§ EXTRACTED INFORMATION
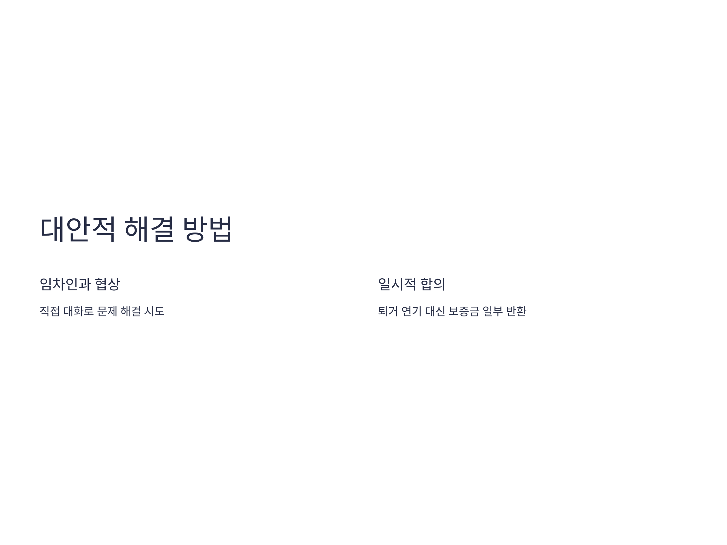- 임차인에게 일정 기간 동안 퇴거를 연기하는 대신, 퇴거 후에는 보증금을 일부 반환하거나, 새로운 거주지에 대한 지원을 제공할 수 있습니다. 이와 같은 일시적인 합의를 통해 임차인이 자발적으로 퇴거할 수 있게 유도할 수 있습니다.
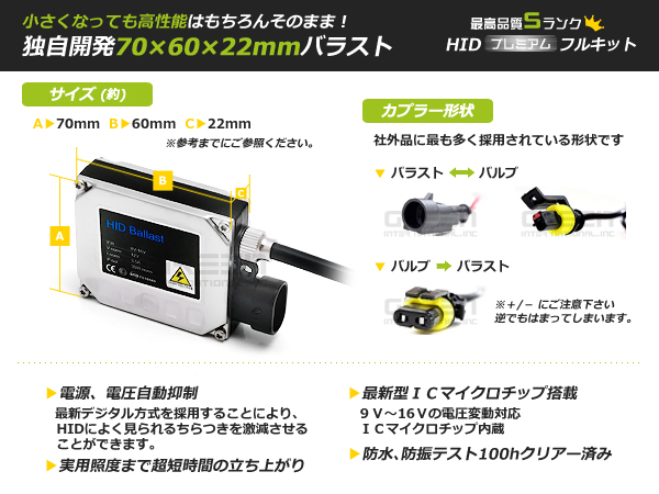 | 高品質9〜16Vデジタルバラスト最新型ICマイクロチップを採用。 最新のデジタル方式を採用した高性能バラストです。 電流・電圧を正確に制御しますので、明るさが安定します。 粗悪品によく見られる改造版バラストではなく、 35W・55Wそれぞれの専用設計のものを採用しております。 |
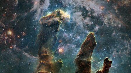 Breathtaking view of swirling cosmic clouds and celestial bodies in deep space. Stars and nebulae are depicted in vibrant colors against a dark background.
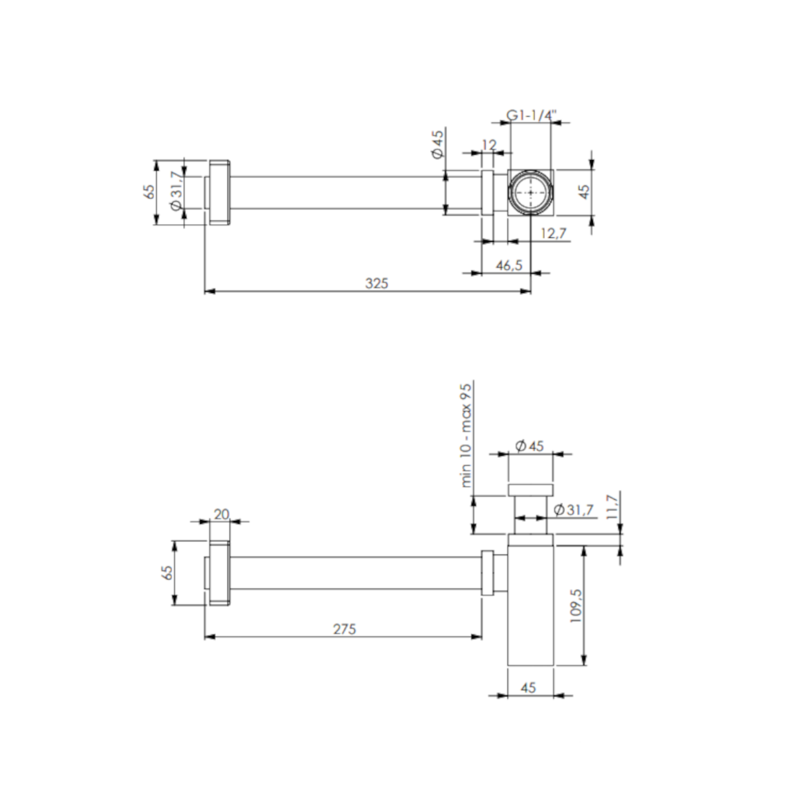 Sifone arredo quadro cromato da 1"1/4
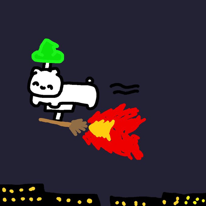 箒で空を飛ぶネコチャン #まいにちネコチャン
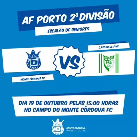 Este sábado, 19 de Outubro, o Monte Córdova Futebol Clube recebe no seu reduto a formação do São Pedro de Fins, numa partida a contar para a jornada 6 da Série 1 do Campeonato Distrital da 2 Divisão ds Associação de Futebol do Porto.
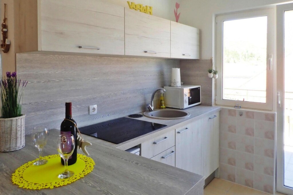Vi havde et behageligt ophold i lejligheden, Den er godt udstyret og komfortabel, hvilket gør den til en perfekt base for vores eventyr omkring Velebit-kanalen, Den anden balkon med udsigt over bjergene tilføjede en dejlig detalje, Landsbyen i sig selv er charmerende med lokale markeder og restauranter i nærheden, Alt i alt et solidt valg for familier eller grupper, der søger et fredeligt tilflugtssted
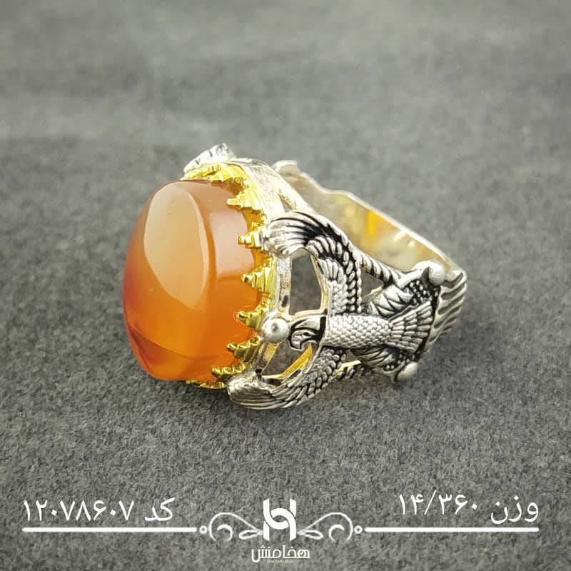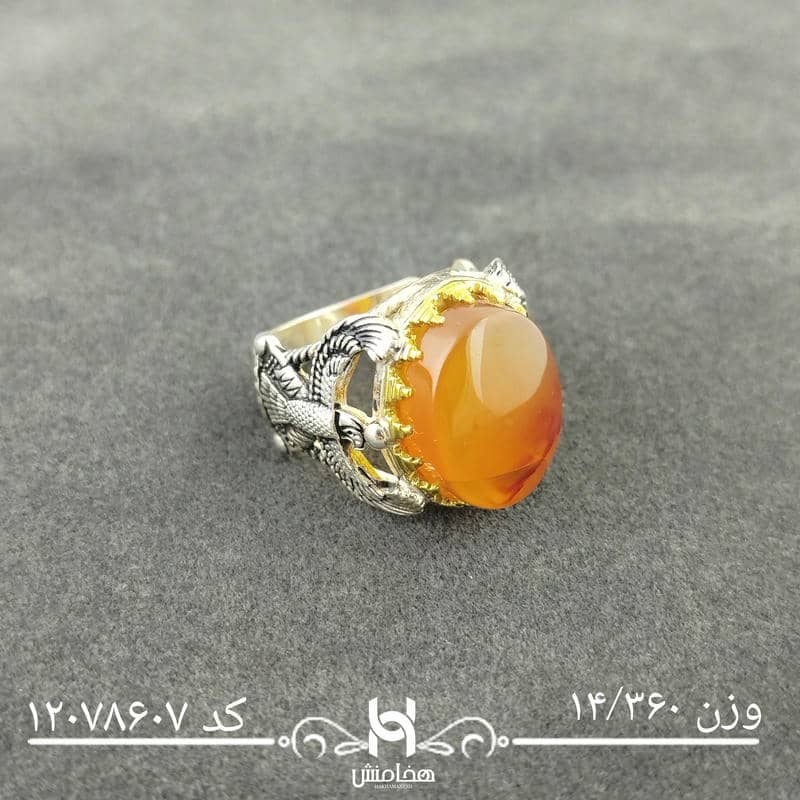 انگشتر نقره مردانه دورنگ عقیق قرمز با سنگ طبیعی اصل و نقره عیار استاندارد 925 تولید شرکت هخامنش میباشد.

§ EXERCISE INSTRUCTIONS
Give again, word for word, the lines from the one containing "Vi havde et" through the last line of the entries, with pictures omitted and nothing added.

§ ANSWER BOX
Vi havde et behageligt ophold i lejligheden, Den er godt udstyret og komfortabel, hvilket gør den til en perfekt base for vores eventyr omkring Velebit-kanalen, Den anden balkon med udsigt over bjergene tilføjede en dejlig detalje, Landsbyen i sig selv er charmerende med lokale markeder og restauranter i nærheden, Alt i alt et solidt valg for familier eller grupper, der søger et fredeligt tilflugtssted
 انگشتر نقره مردانه دورنگ عقیق قرمز با سنگ طبیعی اصل و نقره عیار استاندارد 925 تولید شرکت هخامنش میباشد.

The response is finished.